--- Data extracted from a collection ---
****
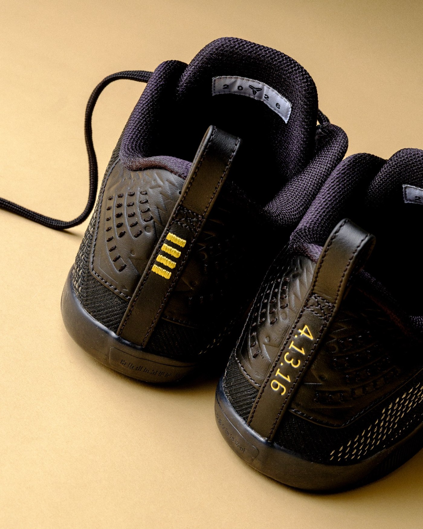 这双鞋更加具有纪念气氛,用金色的字体呈现了科比职业生涯的相关数据和数字。
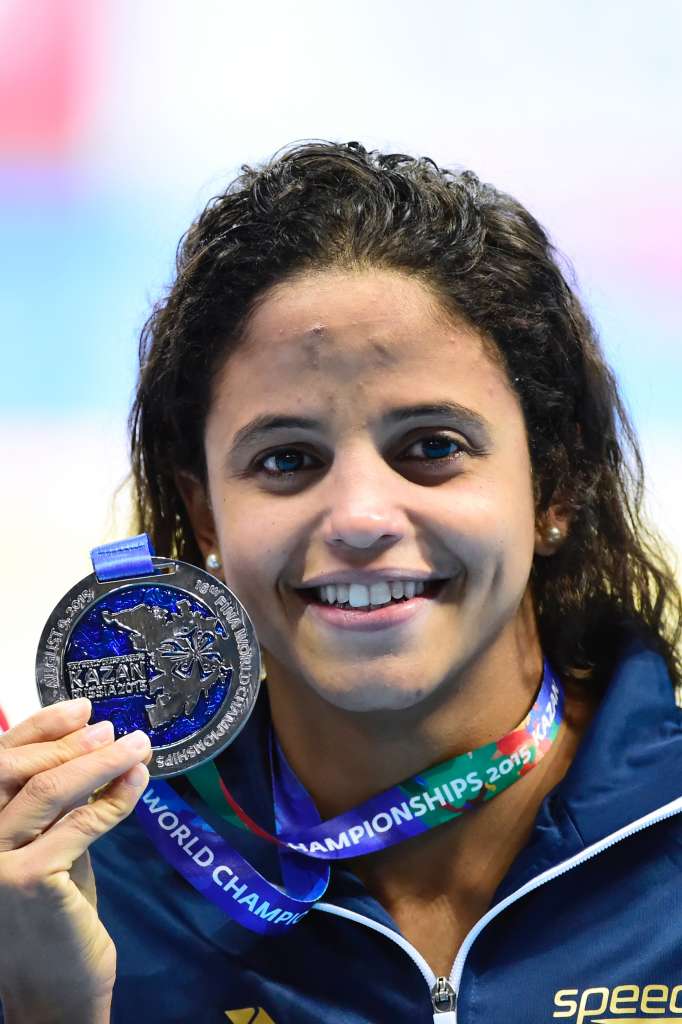 She won silver in the 50m backstroke at last year's world championships in Kazan, and was the first Brazilian woman to win swimming gold at a Pan American Games with her 100m backstroke gold in Toronto in 2015.
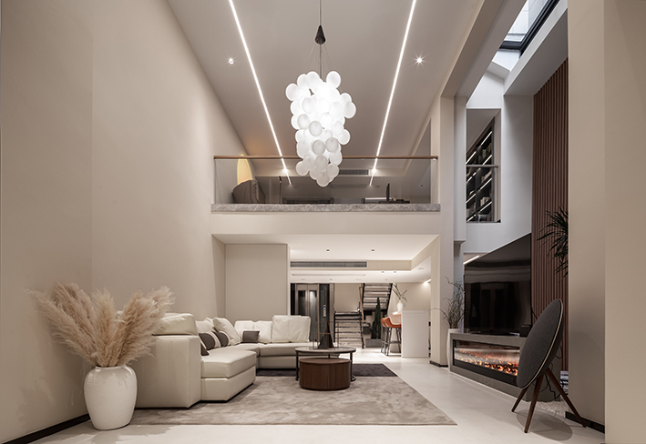 如何让较大的空间丰富多姿而不空荡荡?隔断也许是不错的选择,而软隔断则是价格便宜、最易打造的最佳之选。紧贴客厅的沙发区域,顶部设立挂杆,悬挂半透的沙质挂帘,将大客厅巧妙隔断,并进一步给予了沙发区更多私密感。
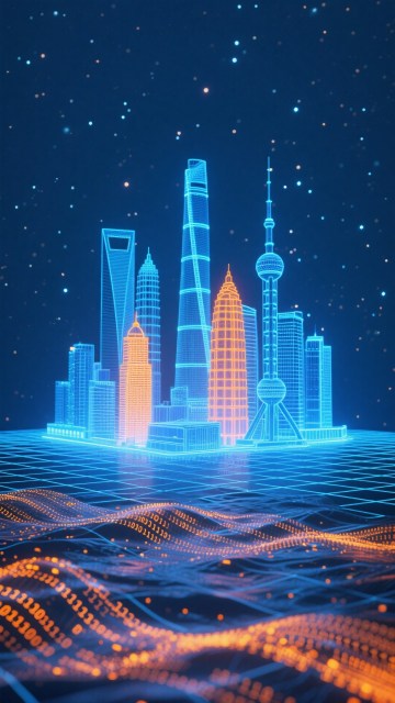 1. 特写镜头,6个规整排列的垂直构图,纯深蓝色背景上,上海中心大厦被解构为几何棱柱体堆叠,表面覆盖流动的霓虹蓝光线纹理,底部是镜面般的水纹倒影,整体呈现冷静的科技感。 2. 等距视角,6个2×3网格排布,纯紫色背景中,东方明珠电视塔被抽象为三个球体与流线型塔身的组合,球体内部填充渐变粉紫色光斑,底部倒影呈现扩散状波纹,营造梦幻氛围。 3. 俯视角度,6个圆形框架布局,纯靛蓝色背景,外滩建筑群被简化为高低错落的几何轮廓,建筑顶部点缀金色线条,水面倒影呈现对称的几何图形,展现秩序美感。 4. 侧视剖面,6个水平排列,纯天蓝色背景,上海环球金融中心以梯形结构呈现,表面切割出菱形镂空,内部透出渐变蓝紫色光线,底部倒影呈现拉长的几何形态,体现结构美学。 5. 轴测投影,6个六边形网格排布,纯深紫色背景,金茂大厦被解构为多个嵌套的八边形结构,每层边缘添加发光线条,倒影呈现阶梯状渐变,突出建筑韵律感。 6. 动态视角,6个对角排列,纯蓝紫色渐变背景,陆家嘴建筑群以流动的曲线连接,建筑轮廓线呈现波浪状起伏,倒影与主体形成镜像流动效果,展现城市动感。
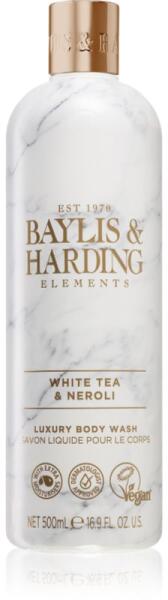 Baylis & Harding Elements White Tea & Neroli, 500 ml, Tusfürdők nőknek, A kényeztető Baylis & Harding Elements tusfürdő gél elengedhetetlenül hozzátartozik a mindennapi higiéniához. Gyengéden, mégis kímélően tisztítja és hidratálja a bőrt a teljes testfelületen. Tulajdonságok: lemossa a bőrt és eltávolítja a szennyeződéseket intenzíven hidratál lágyítja
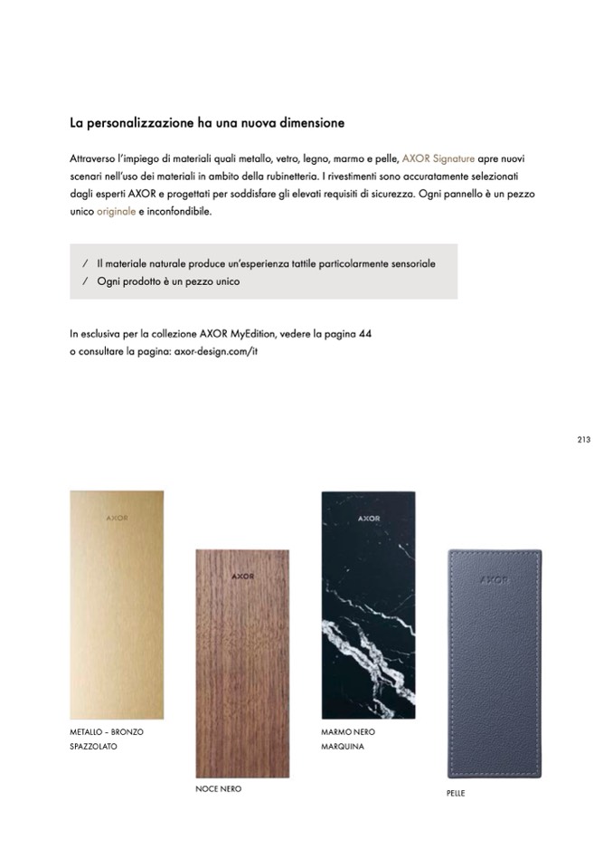 Attraverso l’impiego di materiali quali metallo, vetro, legno, marmo e pelle, AXOR Signature apre nuovi
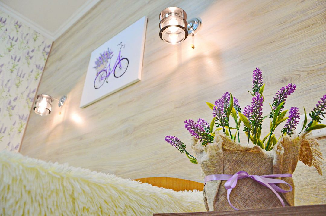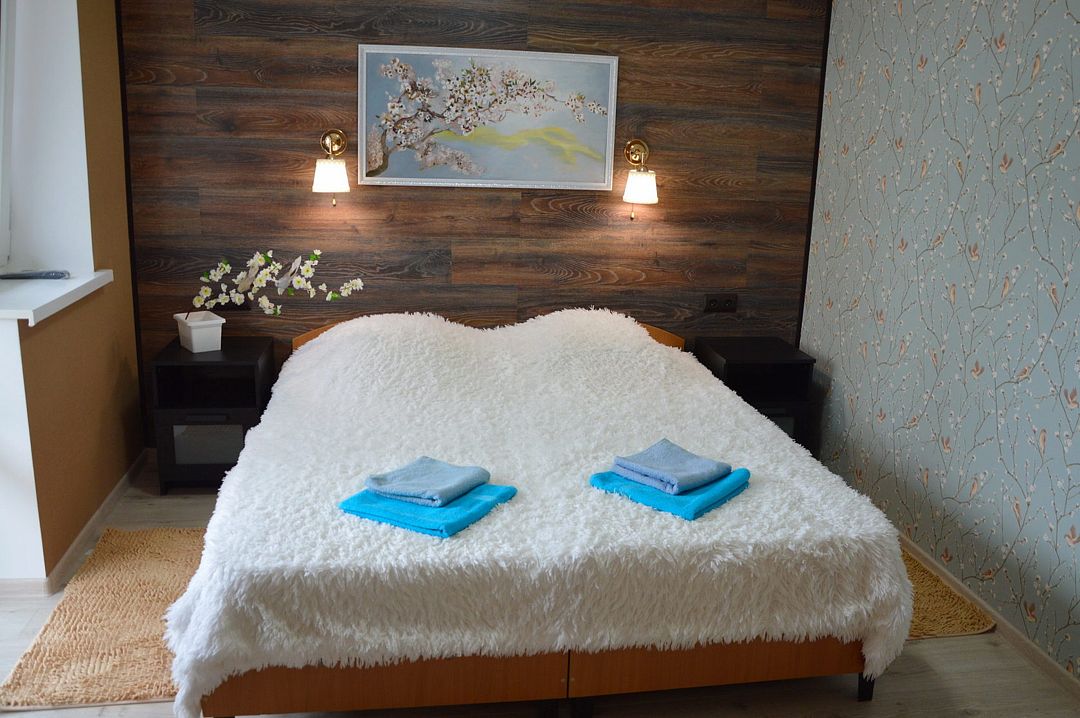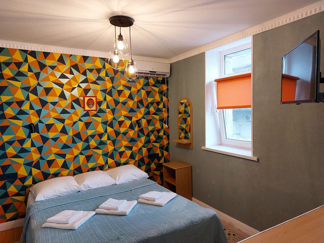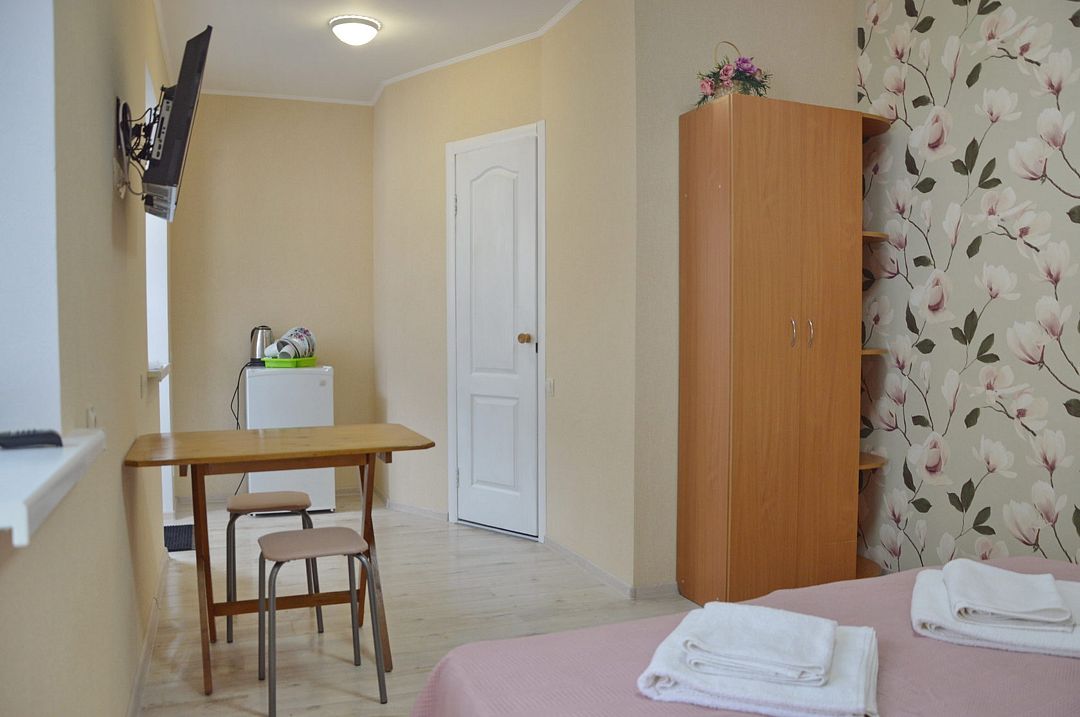 В номере: кондиционер,TV, холодильник, чайник, чашки, тарелки, ложки, столик с двумя стульями, бойлер, шкаф, 2-х местная кровать, зеркало, тумбочка, санузел в номере, сушилка для белья.
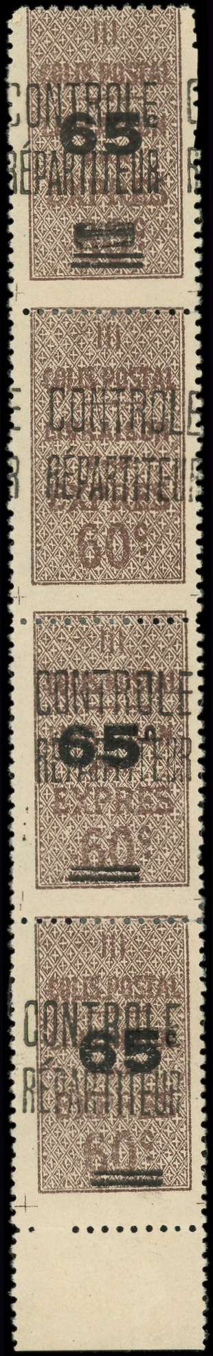 : 65c. sur 60c. brun, BANDE de 4 bdf, 1 ex. SANS surcharge, TB (Image)
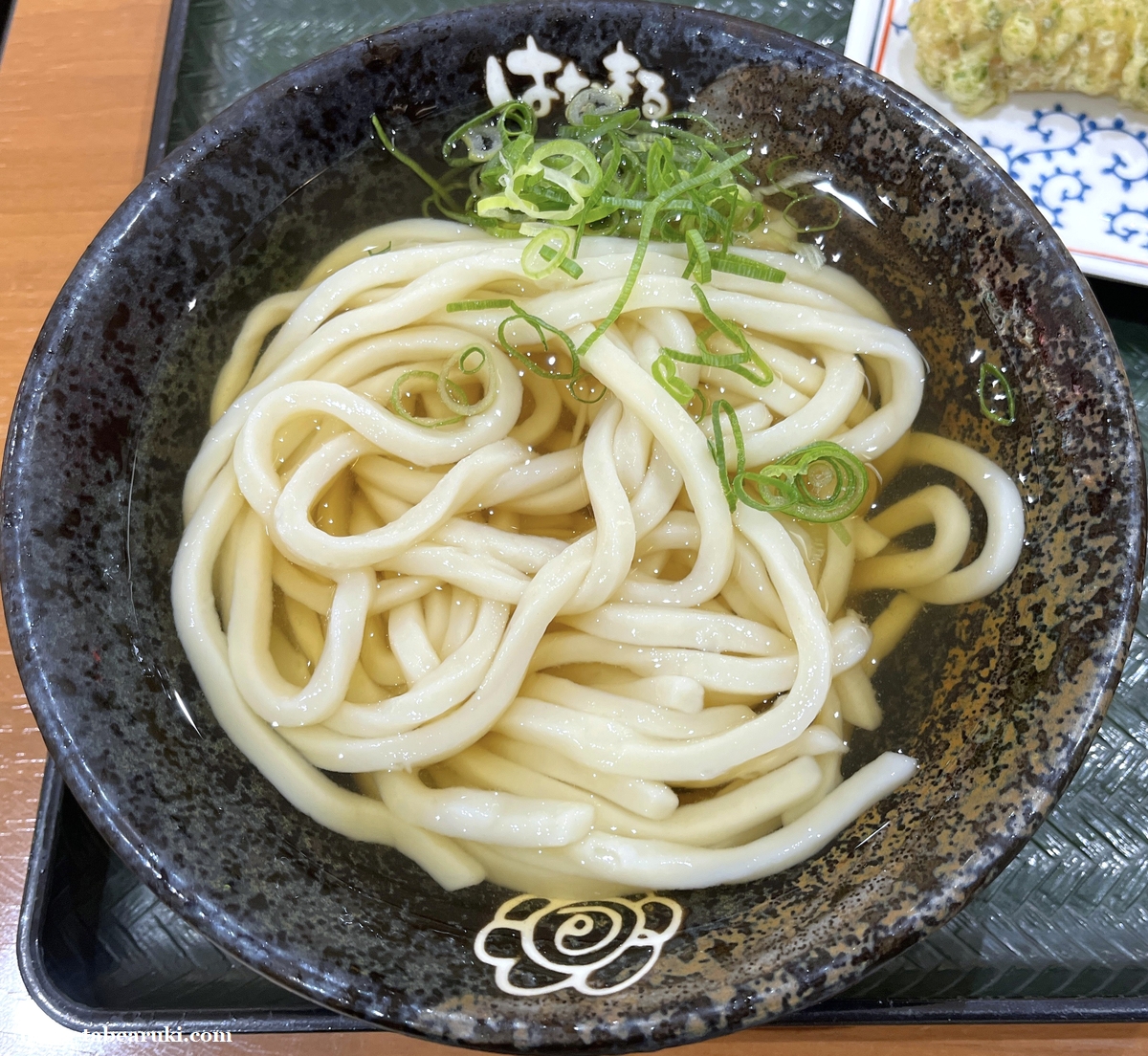 大サイズでも良かったけどサイドの天ぷらも食べたかったので中サイズにしました。調理を見ていると予め茹でてあったうどんを水にくぐらしてさらに水を切った後、冷蔵庫から取り出した出汁を入れ、ネギを載せて完成という非常にシンプルなうどん。
****
--- WORK TO COMPLETE ---
Extract the run of lines beginning with the line that holds "сушилка для белья." and ending at the last line of the data, inclusive. Exclude any pictures from the copy.

--- RESULT FOR THIS TASK ---
 В номере: кондиционер,TV, холодильник, чайник, чашки, тарелки, ложки, столик с двумя стульями, бойлер, шкаф, 2-х местная кровать, зеркало, тумбочка, санузел в номере, сушилка для белья.
 : 65c. sur 60c. brun, BANDE de 4 bdf, 1 ex. SANS surcharge, TB (Image)
 大サイズでも良かったけどサイドの天ぷらも食べたかったので中サイズにしました。調理を見ていると予め茹でてあったうどんを水にくぐらしてさらに水を切った後、冷蔵庫から取り出した出汁を入れ、ネギを載せて完成という非常にシンプルなうどん。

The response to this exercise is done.